Where in central London can you find a clock that features rotating discs, a rampant goat and a former prime minister masquerading as a sun god?

Here:

Bracken House is a sturdy post-war office block on Cannon Street, just opposite St Paul's. This gigantic astronomical clock guards the entrance. Its rotating dials show the minutes, hours, days, months and zodiacal signs.

And, right there in the middle, is the face of Winston Churchill.

It really is Winnie. The building is named after Brendan Bracken, a key ally of Churchill during the second world war. The statesman's grimacing countenance was built into the clock in 1959, by designers Frank Dobson and Philip Bentham, in a nod to this relationship.

Was it the inspiration for the Teletubbies' Sun Baby?

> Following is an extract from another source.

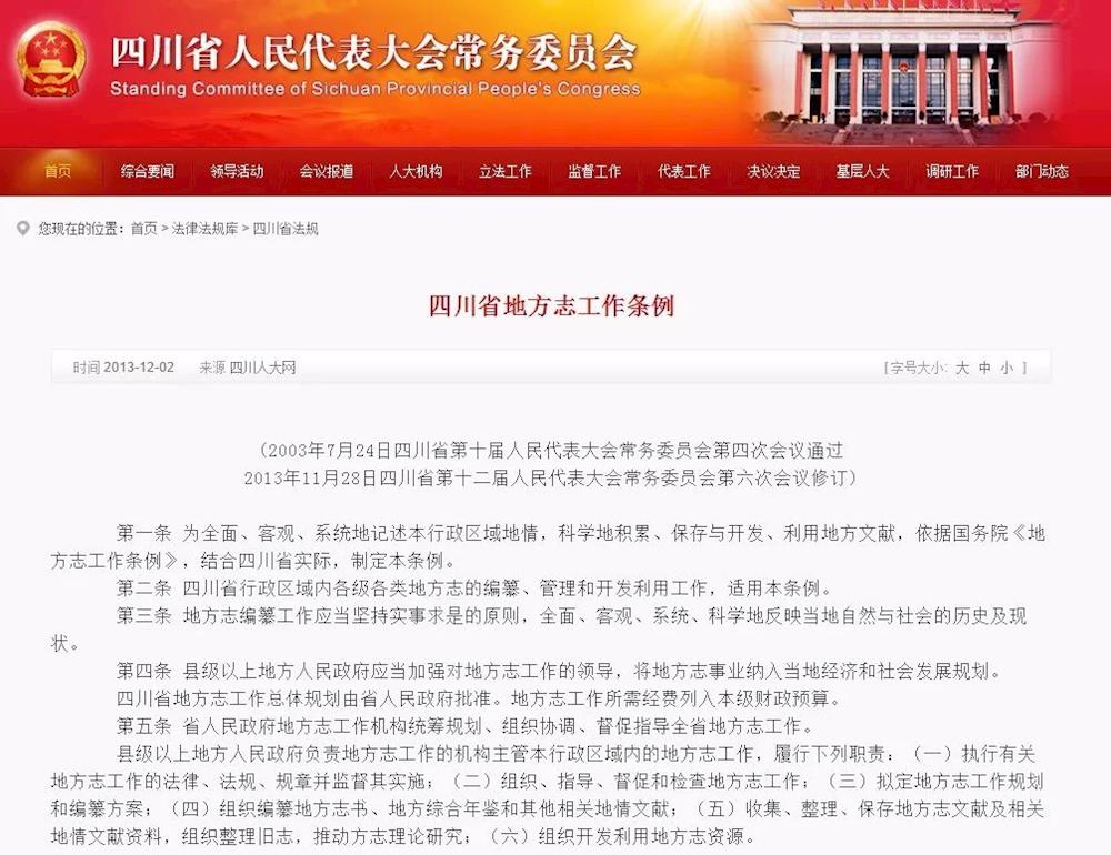 《四川省地方志工作条例》,2003年7月24日四川省第十届人民代表大会常务委员会第四次会议通过,2013年11月28日四川省第十二届人民代表大会常务委员会第六次会议修订。
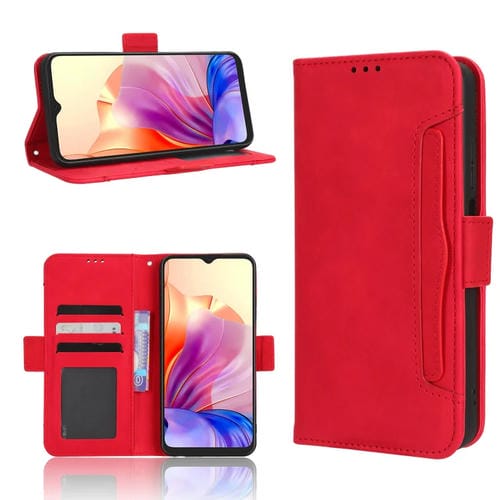 Funda de Cuero para BlackView Oscal C80 con Ranuras para Tarjetas y Textura Becerro (Rojo)

Bracken and Churchill have other connections, played out in the pages of George Orwell's 1984. During the second world war, Bracken ran the Ministry of Information, inspiration for Orwell's Ministry of Truth. He also shares his initials with Big Brother. The novel's protagonist is called Winston. We'd love to know: does Bracken House contain a Room 101?

The building contains still more symbolism. Notice the colour of the stone:

Bracken House was designed as the headquarters of the Financial Times, which Bracken refounded in 1945. The coloured facade is as a deliberate nod to that newspaper's famously pink pages (it looks pinker in real life, honest).

Sadly, the FT decamped to Southwark in the 1980s. For over 30 years it inhabited this thing:

But then, in 2018, the newspaper returned to Bracken House. The Financial Times is be back in the Square Mile, back in the building that matches its colour, and back beneath the gaze of Apollo-Churchill and the strangest clock in London.